In this work, a computational framework, CHNmiRD, was presented for the prediction of novel miRNA-disease associations by integrating multiple genomic and phenotype data. Based on PPI data and GO data (three sub-ontologies: BP, MF and CC), four MFSNs were constructed using miRNA-target relationships and were further merged in to an integrated multigraph MFSN. A CHN was then constructed by connecting the integrated multigraph MFSN and DPN using the known miRNA-disease relationship information. Finally, novel miRNA-disease associations were predicted by implementing a global network distance measure-based random walk analysis on the CHN.

Comparing the integrated data with the individual data sources using the same method, we found that PPI data was the most effective in prioritizing candidate miRNAs among the four data sets.

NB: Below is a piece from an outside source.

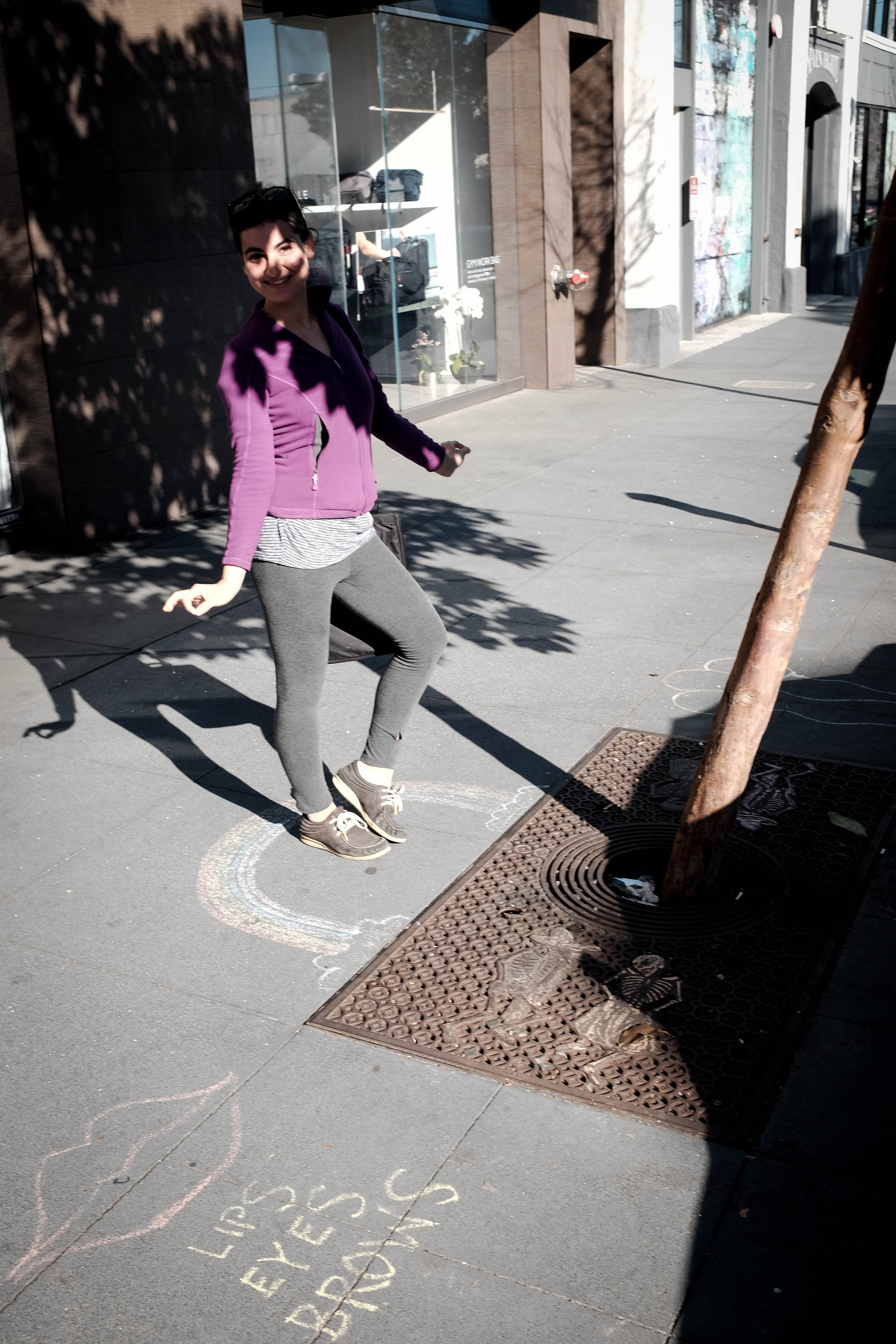 In a sunlit urban setting, a young woman exudes playful energy as she dances on the sidewalk. Vibrant chalk drawings beneath her feet add a whimsical touch, contrasting with the sleek, modern architecture in the background. The lighting casts soft shadows, enhancing the cheerful mood of the scene.

However, the performance of PPI data was inferior to the combined method, because individual data tend to be incomplete and noisy. In addition, the combined method covered more miRNAs, which was favorable for uncovering novel disease-related miRNAs.

The results of cross validation indicated the improved performance of CHNmiRD over other similar existing methods, especially for diseases without any known associated miRNAs. In addition, CHNmiRD did not need negative samples and the performance became stable and performed better when parameter λ was in the range of 0.5 to 0.9. Furthermore, case studies demonstrated the reliability and effectiveness of this method in revealing novel disease-related miRNAs. Each of the top 10 miRNAs in the three case studies was either directly or indirectly validated by recently published research. It worth noting that we did not compare CHNmiRD with our previously described method [21] because of different data sources used in the two methods. Moreover, the known disease-miRNA associations were not used in our previous method, thus the cross validation could not be implemented.

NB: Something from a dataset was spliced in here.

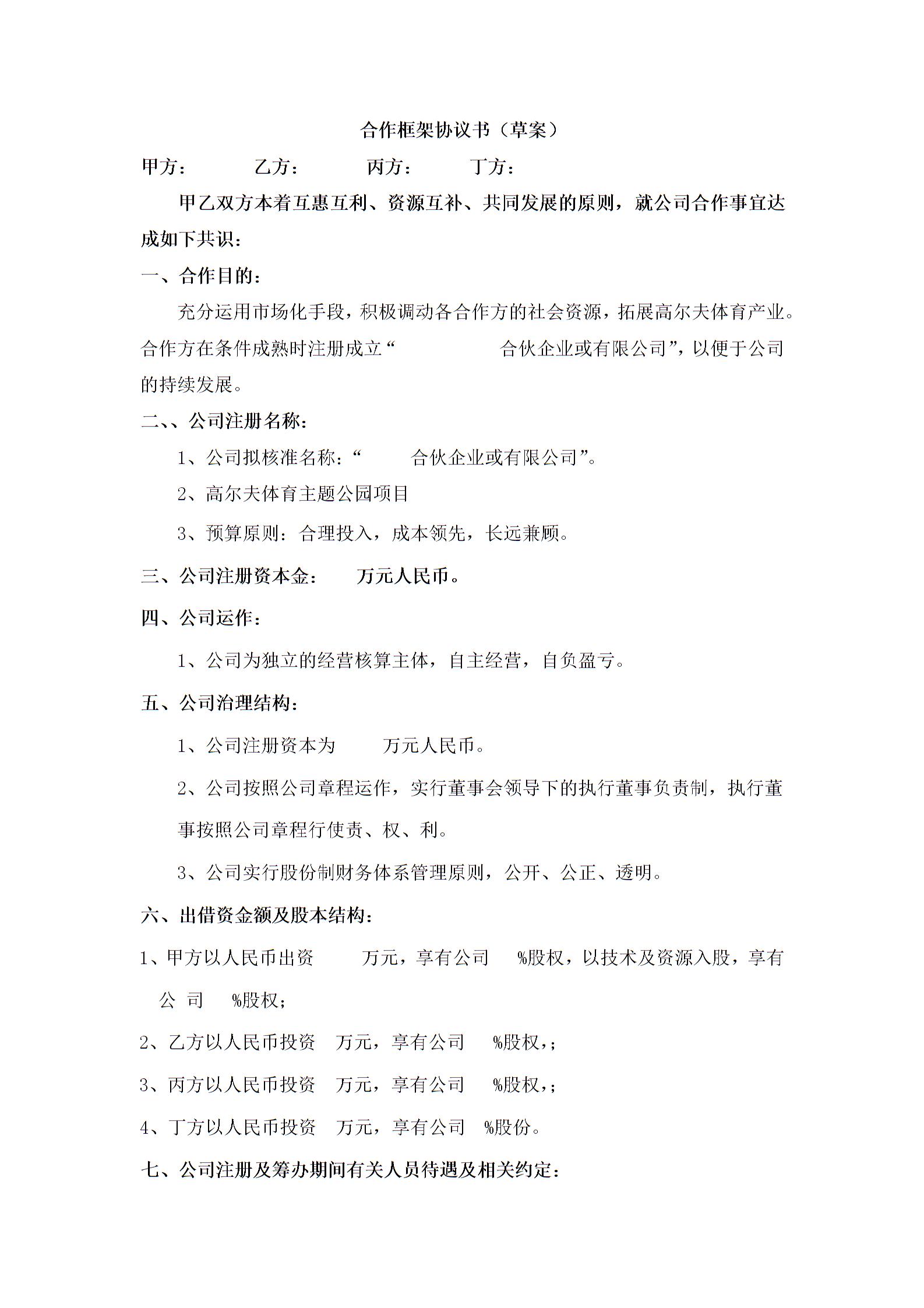 合伙企业投资框架协议书

The CHNmiRD is based on the CHN, and thus the efficacy of CHNmiRD is affected by the quality of the CHN. For future studies, more bioinformatics data should be integrated to improve the quality of the CHN. For example, expression profile and/or pathway data can be added into the integrated MFSN, and the similarity of disease phenotypes based on ontological descriptions can also be added into the DPN. We anticipate that our algorithm may be more comprehensive and effective with the increasing amount of available miRNA-related biological data. In summary, CHNmiRD could potentially provide an improved tool for predicting novel miRNA-disease associations and play an important role in deciphering the pathogenesis of complex human diseases at the post-transcriptional level.

Supporting Information

S1 Fig. The ROC curve and AUC value of CHNmiRD with predicted miRNA targets for 5-fold cross validation.

(TIF)

S2 Fig. The ROC curve and AUC value of CHNmiRD with different DPNs for 5-fold cross validation.

(A). The DPN constructed based on 3-NN network. (B). The DPN constructed based on 7-NN network.

(TIF)

S1 File. Known human miRNA-disease associations.

(XLS)

S2 File. Experimentally validated miRNA targets.

(XLS)

S3 File. The DPN constructed using 5-NN network.

(XLS)

S4 File. The integrated multigraph MFSN.

(XLSX)

S5 File. Obtaining the predicted miRNAs targets.

(DOC)

S6 File. Parameters selection of other miRNA-disease association prediction methods.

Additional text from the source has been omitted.